### Exercise brief
For each record, copy the text exactly and omit any picture it holds.

### Extracted entries
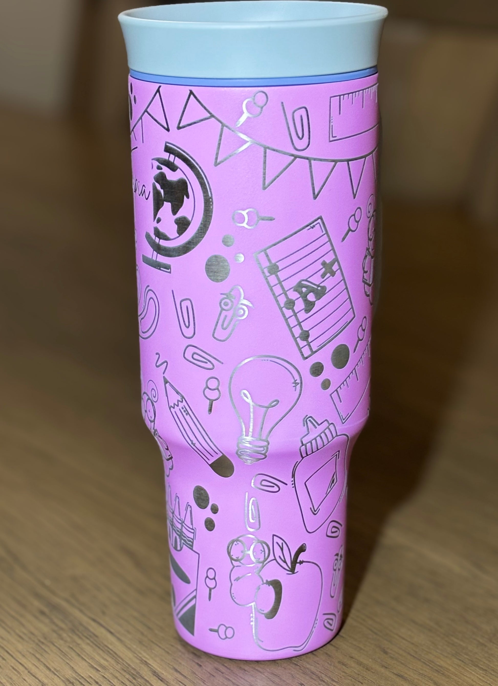 Examples! Bring your own tumbler and watch us transform it with custom engraving—no design is too wild or unique! Even if you don’t see your style here, we can still make it happen. Just send your tumbler for approval (local customers only or customer paid shipping), and we’ll create a one-of-a-kind masterpiece that’s all you. The possibilities? Endless and totally fun!
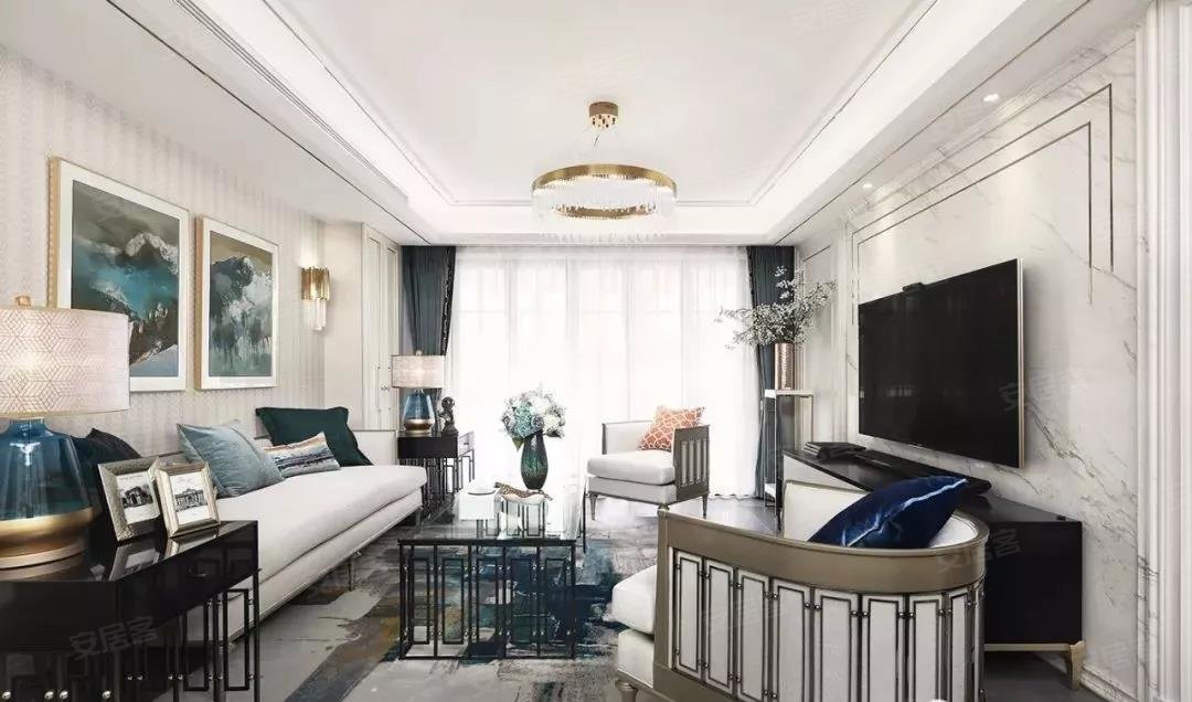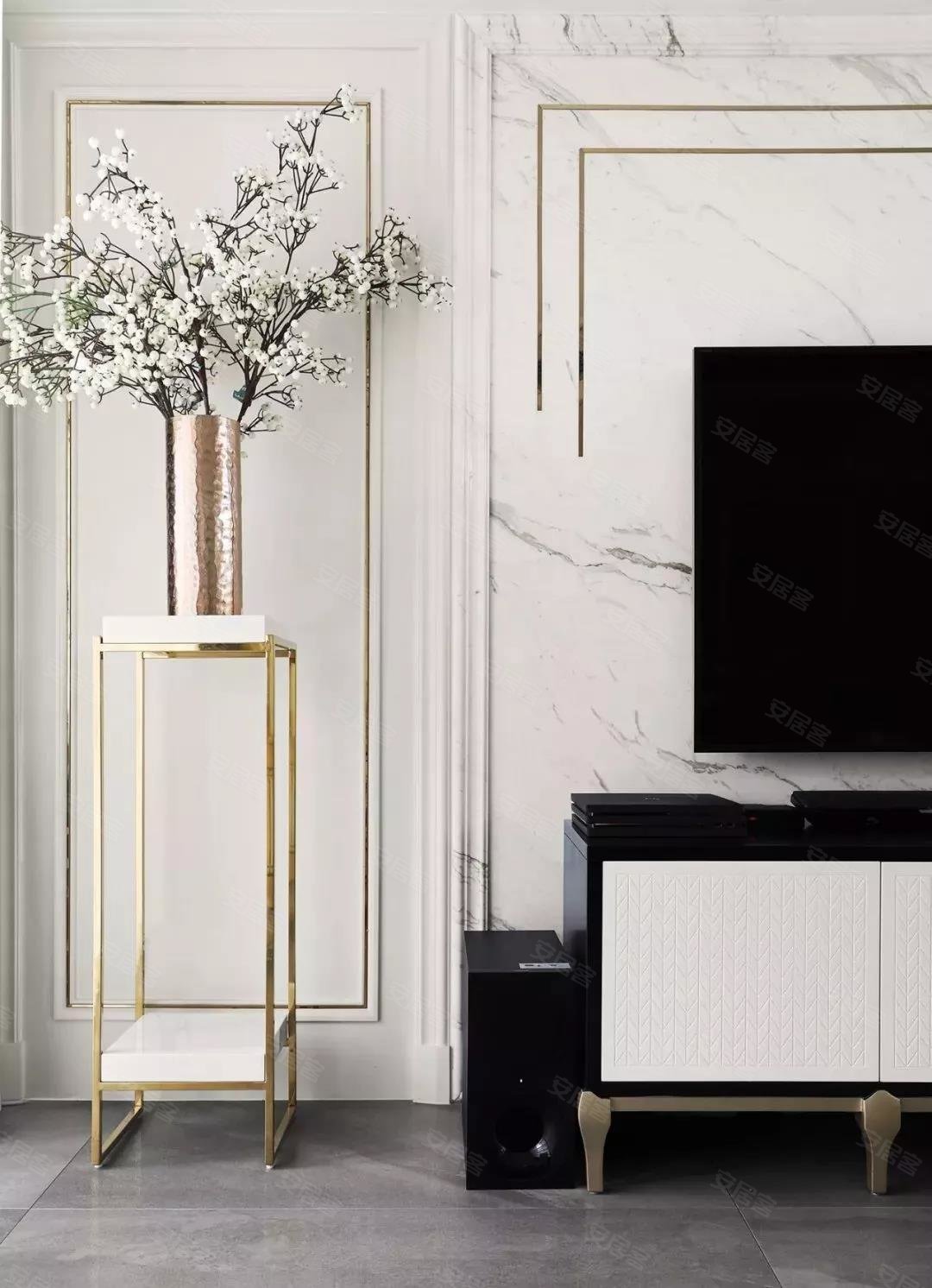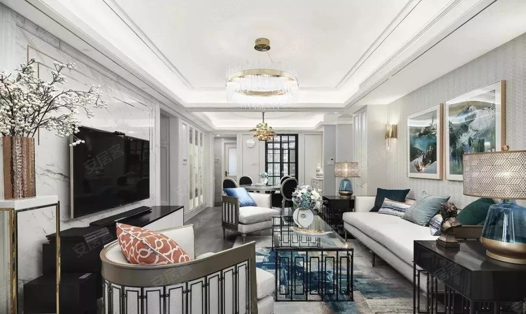设计师通过对装修材料的精选,客厅爵士白大理石背景墙、水晶玻璃灯、美克美家家具等,营造出一种精致有品的轻奢家居环境。
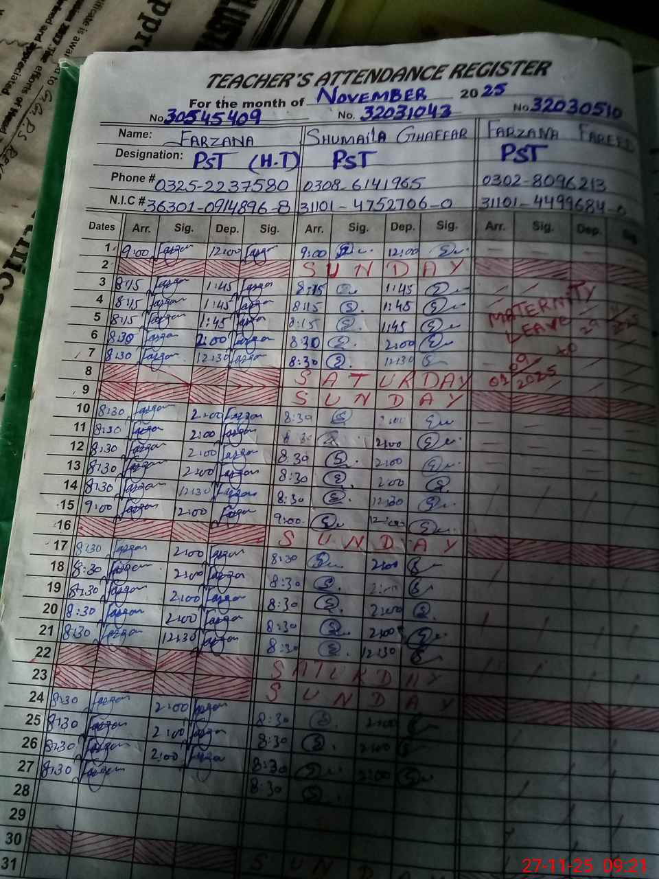 | CNIC | Full Name | Designation | R/C | Absence During Last Calender Month |
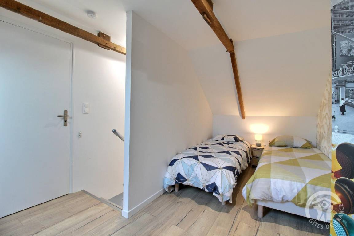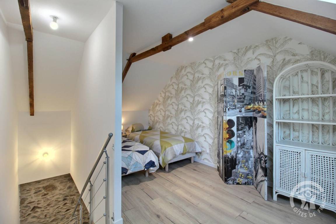 - Obergeschoss: ein Schlafzimmer (nicht geschlossen) auf dem Flur mit zwei 90x200-Betten, die zu einem 180x200-Bett kombiniert werden können, ein Schlafzimmer mit 1 140x190-Bett.
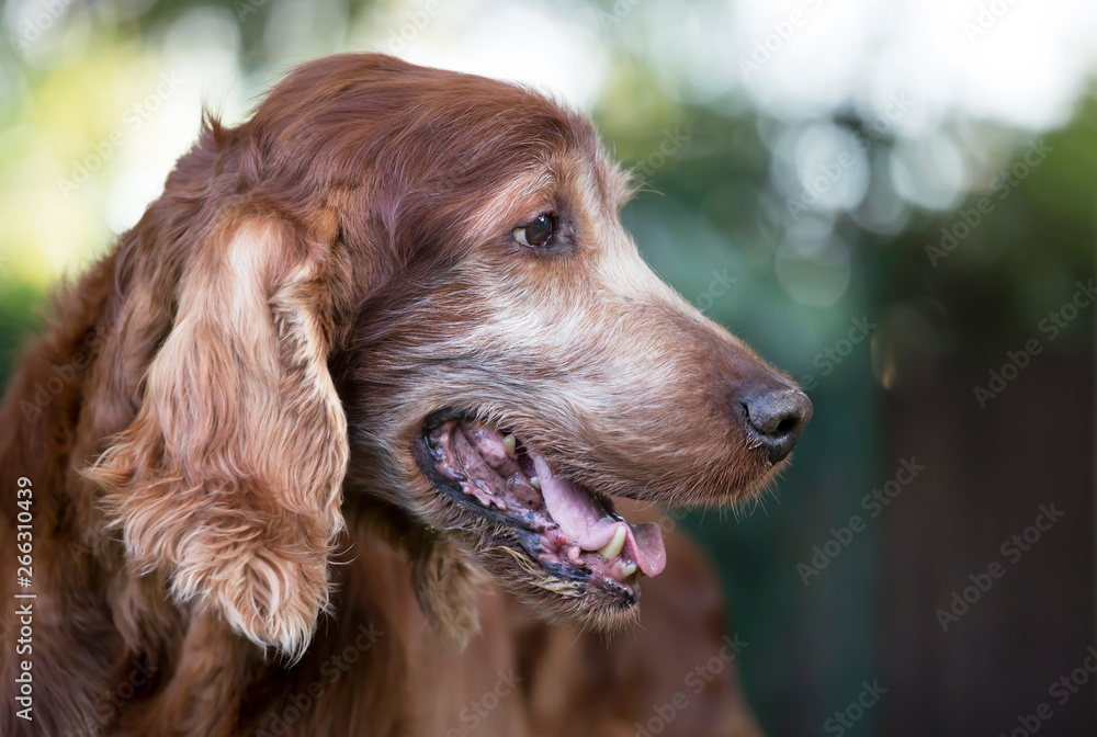 Face of an old beautiful Irish Setter pet dog as panting in summer

### Exercise result
 Examples! Bring your own tumbler and watch us transform it with custom engraving—no design is too wild or unique! Even if you don’t see your style here, we can still make it happen. Just send your tumbler for approval (local customers only or customer paid shipping), and we’ll create a one-of-a-kind masterpiece that’s all you. The possibilities? Endless and totally fun!
设计师通过对装修材料的精选,客厅爵士白大理石背景墙、水晶玻璃灯、美克美家家具等,营造出一种精致有品的轻奢家居环境。
 | CNIC | Full Name | Designation | R/C | Absence During Last Calender Month |
 - Obergeschoss: ein Schlafzimmer (nicht geschlossen) auf dem Flur mit zwei 90x200-Betten, die zu einem 180x200-Bett kombiniert werden können, ein Schlafzimmer mit 1 140x190-Bett.
 Face of an old beautiful Irish Setter pet dog as panting in summer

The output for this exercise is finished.